Eu trabalho no projeto Dark Energy Survey (DES), cujo objetivo é mapear 300 milhões de galáxias e 4 mil supernovas para estudar a energia escura. Para isso, foi preciso construir uma das maiores câmeras do mundo, a DECam, que conta com 570 mega-pixels. Eu participei da construção da DECam aqui no Fermilab e também do processo de instalação dela no Telescópio Blanco, no Chile. A instalação foi um sucesso e, desde 2012, a DECam tem obtido dados de alta qualidade. Minha contribuição para a DECam e o DES foi o que me rendeu o prêmio.

A energia escura é uma hipótese para explicar a expansão acelerada do Universo, certo? O que já se sabe sobre essa força?

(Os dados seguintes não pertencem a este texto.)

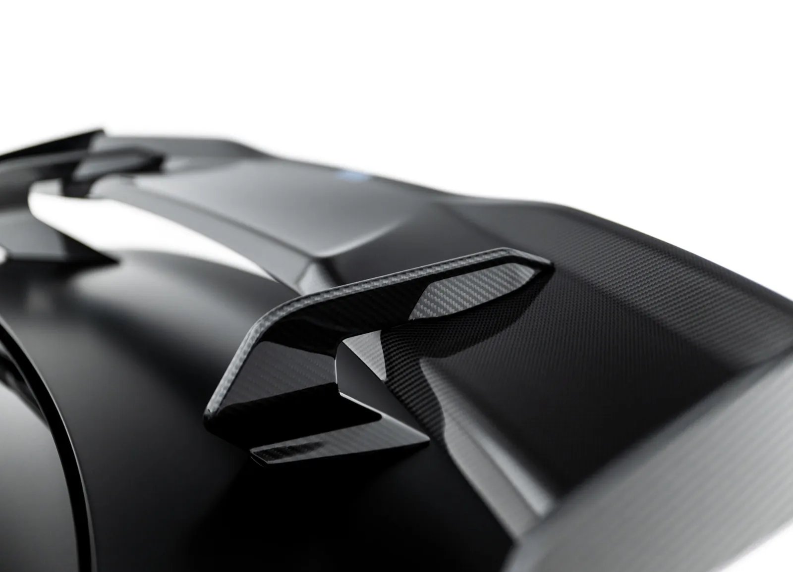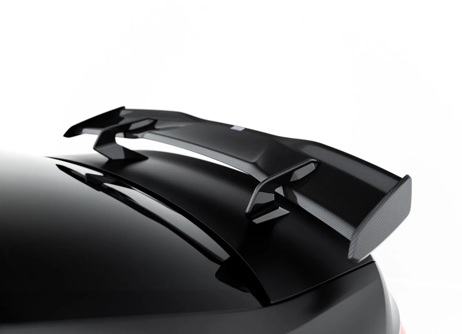 Výrazné křídlo na víko kufru upravuje proudění vzduchu kolem zadní části vozu a podstatně zvýrazňuje sportovní charakter vozu. Součástí balení je montážní materiál a stojny vyrobené z černě lakovaného hliníku.

Sim, é isso. No entanto, nós ainda não sabemos as propriedades físicas da energia escura. Sabemos apenas que ela constitui cerca de dois terços do nosso universo atual e que parece ser a energia do vácuo, do espaço-tempo em si.

Como surgiu seu interesse pelo tema?
Eu me interessei por esse tópico durante minha graduação em física. O problema da energia escura me foi apresentado pela primeira vez em meu projeto de iniciação científica e, desde então, o desafio de compreender esse fenômeno tem motivado minha carreira.